4-10點是小,11-17點是大。
現在知道其中一粒是6,而另二個并不是6,所以骰子的組合隻有25種,而小的情況隻有8種,大的情況有17種,沒有豹子出現的可能。正是如此,小的概率是32%,大的概率是68%。
即買大,有三分之二的機會會赢。
“大!”
葉政治丢了一枚一萬的籌碼,買了大。
賭大小是一種通俗的說法,但其實玩法還有好幾種。刺激點的,你可以買豹子,這是24倍的賠率,甚至可以指定豹子的點數,那就高達100倍的賠率。除此之外,還有猜三個骰子的和、其中一個或二個骰子的點數、對骰等。
其實他完全可以直接買6,這樣中的話,就會有一倍的收益。隻是他不能夠這樣做,一來這賠率同樣不高,二來基本上是向世上宣布,他能夠看到骰盅裏面的6。
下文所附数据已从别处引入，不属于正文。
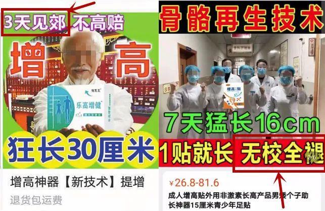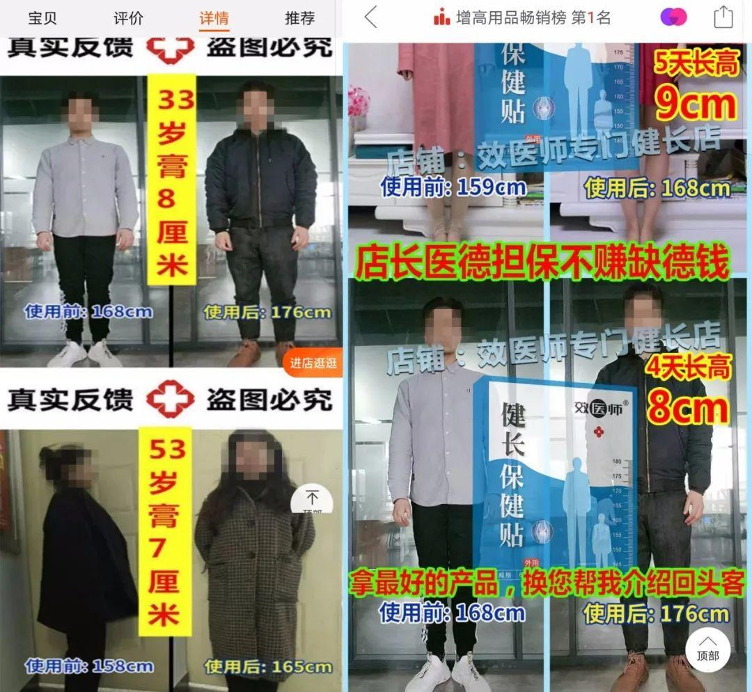号称“增高用品畅销榜第一名”的“效医师专门健长店”售卖的“效医师牌健长保健贴”宣称“增高新技术,当天就长,不高不收费,暴长30厘米”。在该商品的评价中,有留言说“半个月长了4厘米”“使用两次就长高了3厘米”;另外一家“优尚护理馆”销售的“风火贝康健长助长保健贴”宣称“可以帮助6-60岁年龄段的人长高,起步增长10厘米……”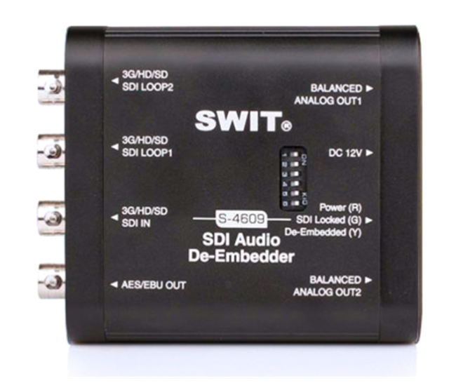 Az S-4609 SDI Audio De-Embedder egy hordozható mini konverter, amely legfeljebb két csatorna hangot von ki 3 Gb/s-os SDI jelekből, és AES/EBU és kiegyensúlyozott 6,35 mm-es audio kimeneteket kínál professzionális sugárzáshoz és terepi produkcióhoz.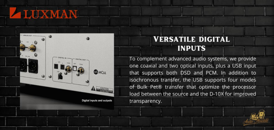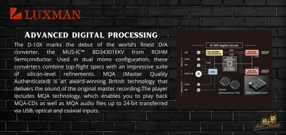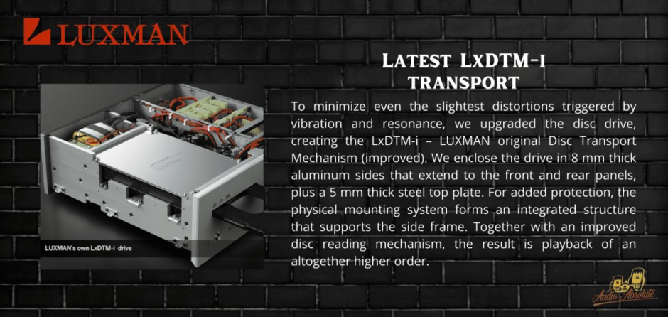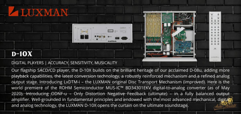 Our flagship SACD/CD player, the D-10X builds on the brilliant heritage of our acclaimed D-08u, adding more playback capabilities, the latest conversion technology, a robustly reinforced mechanism and a refined analog output stage. Introducing LxDTM-i – the LUXMAN original Disc Transport Mechanism (improved).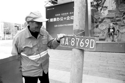 4月11日,在郑州花园路农科路,一副车牌被挂在树上已经4天,环卫工师傅王川和他的老伴儿每天像“摆摊”一样看管着这个车牌,白天挂上晚上收回家。挂车牌的路段车辆川流不息,却无人问津,王师傅说找不到车主,就一直挂下去。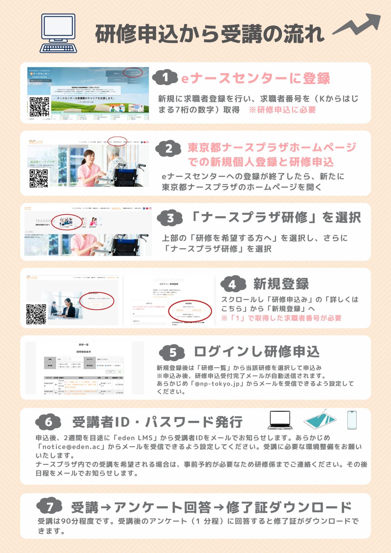 ナースプラザ内での受講を希望される場合は、事前予約が必要なため研修係(03-6304-2077)までご連絡ください。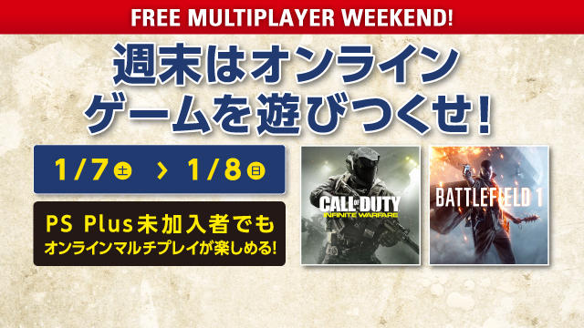PlayStationR4のオンラインマルチプレイを全ての対応タイトルで体験できる「FREE MULTIPLAYER WEEKEND」を、1月7日(土)から1月8日(日)の2日間限定で開催します。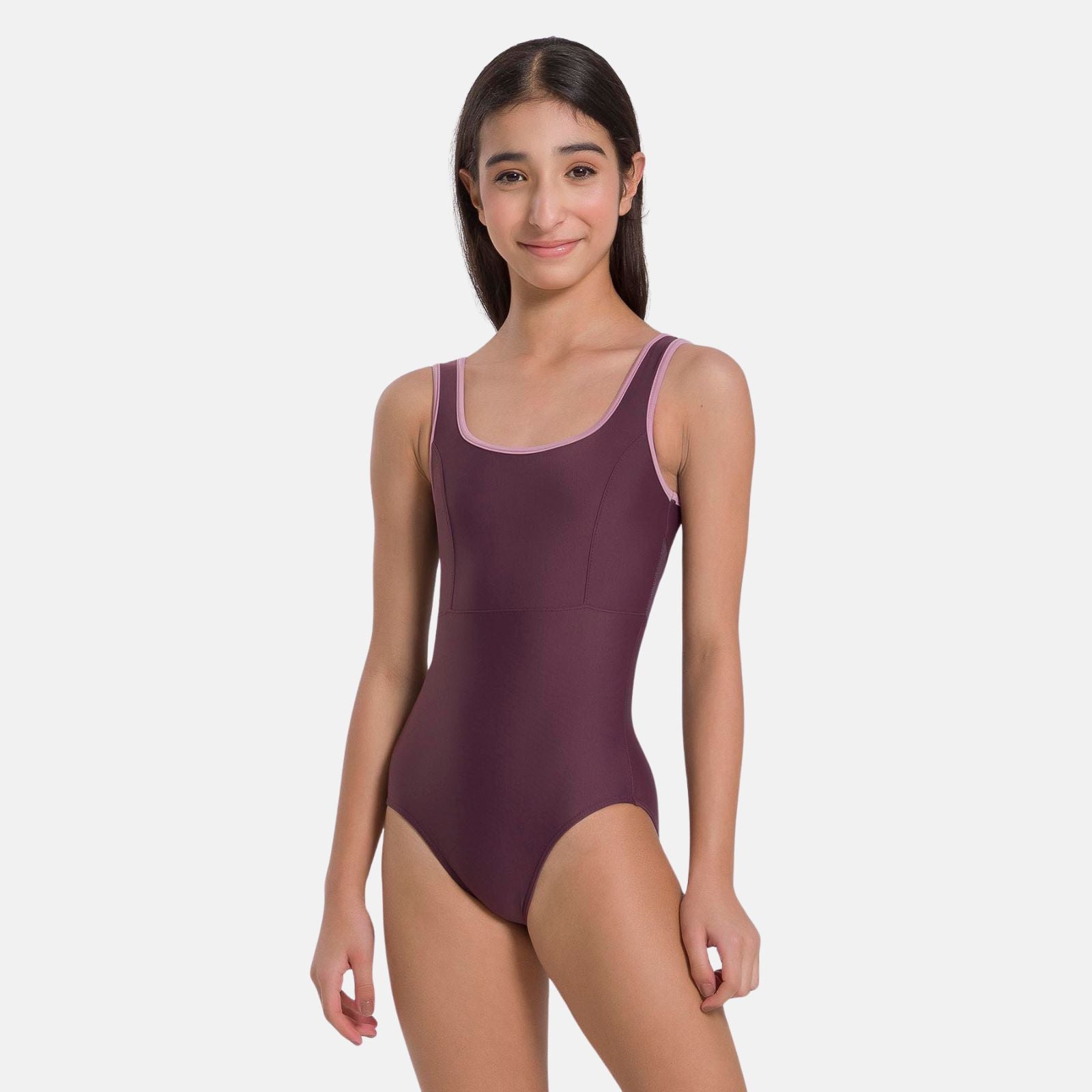 Young dancers will love this vibrant two-tone leotard with modern mesh spandex details. The eye-catching design and comfortable microfiber fabric inspire creativity and confidence in every movement.

這裏的監控記錄着一切,而每次買6,這的确太過于引起注目。
在電影賭神中,主角可以将一張牌變成方塊3,那叫做是賭神的才能,成爲大家津津樂道的話題。如果你可以感知骰子6,那絕對不會是追捧,隻會直接将你送到國家科學院進行細緻的解剖。
至于說什麽人權!
這爲了華夏億萬民衆的幸福,你這丁點犧牲又算得了什麽?何況在你死後還給你蓋一面國旗,就是何等的光榮?
叮!
“2、2、6,10點小!”
……
荷官報點之後,開始進行理賠,何無意外,葉政治面前的籌碼被掃走。盡管勝算比較大,但那也僅是理論上的數值,真實情況還是跟運氣有着很大的關系。
特别很多賭徒的心理素質都不夠強,他們在赢錢的時候會小心冀冀,但輸錢之後就開始進行豪擲。結果将幾十把辛辛苦苦赢來的錢,二三把就輸了回去,連同老底也賠了出去。
三分之二的勝算的确算很高,但其實不能夠保證一個人能夠百分百賺到錢。
葉政治在來之前,他就已經制定了一個硬指标。在沒有百分百知道會赢的情況下,下注不能大于10萬,而當在澳門賭場中賺足600萬後,絕對要離開澳門。
這并不是說他不喜歡錢,恰恰相反,他對錢的追求一直沒有改變過。
但是他明白,若是放縱着自己在賭場馳騁,哪怕最終讓他橫掃了整個澳門賭場。這固然是賺到了一輩子可能花不完的财富,成爲最帥氣的億萬富翁,但成就也就恐怕到這裏爲止了。
一個沉迷于零和遊戲的人,一個一天可能賺100萬的人,絕對不會去做那些一天隻賺100塊的事業。
陳國青爲什麽倒在成爲優秀石材商的路上?
那是因爲他接觸到了股市,在股市中他發現,原來錢來得如此容易。以緻在後期,他根本就無法打理,有些裝修工程更是以應付的形式對待,不然也不會爲了享受從同行那裏搶奪客戶的快感,竟然以不賺錢的價碼拿下席思思的裝修工程。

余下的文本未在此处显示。